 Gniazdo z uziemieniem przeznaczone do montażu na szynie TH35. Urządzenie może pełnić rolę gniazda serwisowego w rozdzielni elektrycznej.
☆ ☆ ☆ ☆ ☆ ☆ ☆
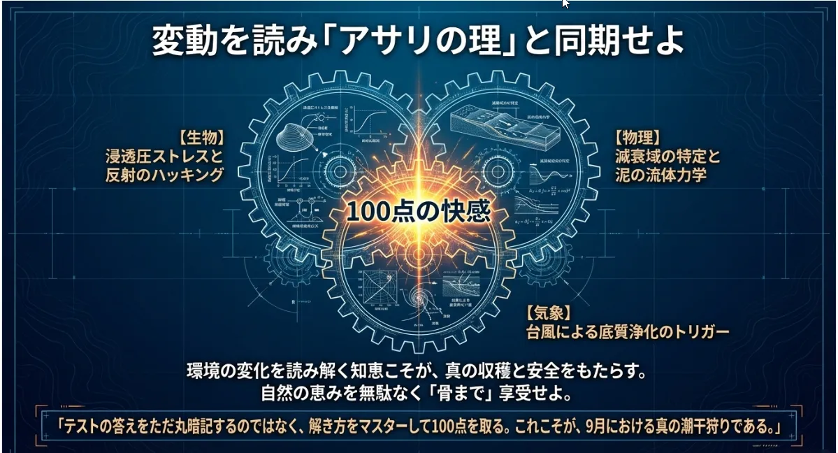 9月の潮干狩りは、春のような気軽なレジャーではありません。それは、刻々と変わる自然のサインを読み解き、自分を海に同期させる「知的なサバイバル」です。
☆ ☆ ☆ ☆ ☆ ☆ ☆
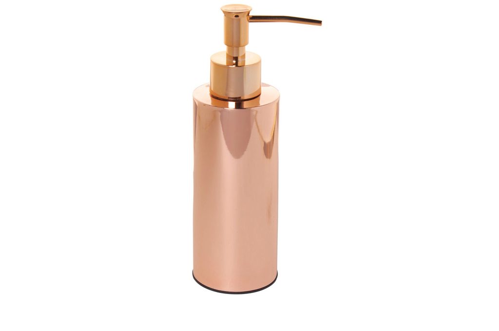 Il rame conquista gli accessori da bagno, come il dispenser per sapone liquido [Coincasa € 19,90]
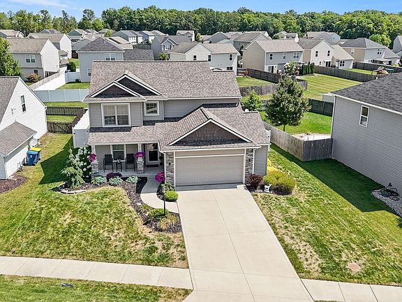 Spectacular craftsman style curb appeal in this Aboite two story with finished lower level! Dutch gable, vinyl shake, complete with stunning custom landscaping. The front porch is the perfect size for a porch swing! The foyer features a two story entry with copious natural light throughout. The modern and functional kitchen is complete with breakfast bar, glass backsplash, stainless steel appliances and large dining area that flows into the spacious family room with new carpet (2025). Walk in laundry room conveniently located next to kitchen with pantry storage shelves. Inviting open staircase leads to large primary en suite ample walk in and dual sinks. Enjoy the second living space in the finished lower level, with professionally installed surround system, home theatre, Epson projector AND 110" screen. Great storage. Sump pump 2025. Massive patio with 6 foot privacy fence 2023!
☆ ☆ ☆ ☆ ☆ ☆ ☆
## Description of the task
Repeat exactly the lines above, beginning at the one containing "Il rame conquista" and ending at the one containing "Spectacular craftsman style". Do not carry over any pictures.

## Answer to the exercise
 Il rame conquista gli accessori da bagno, come il dispenser per sapone liquido [Coincasa € 19,90]
 Spectacular craftsman style curb appeal in this Aboite two story with finished lower level! Dutch gable, vinyl shake, complete with stunning custom landscaping. The front porch is the perfect size for a porch swing! The foyer features a two story entry with copious natural light throughout. The modern and functional kitchen is complete with breakfast bar, glass backsplash, stainless steel appliances and large dining area that flows into the spacious family room with new carpet (2025). Walk in laundry room conveniently located next to kitchen with pantry storage shelves. Inviting open staircase leads to large primary en suite ample walk in and dual sinks. Enjoy the second living space in the finished lower level, with professionally installed surround system, home theatre, Epson projector AND 110" screen. Great storage. Sump pump 2025. Massive patio with 6 foot privacy fence 2023!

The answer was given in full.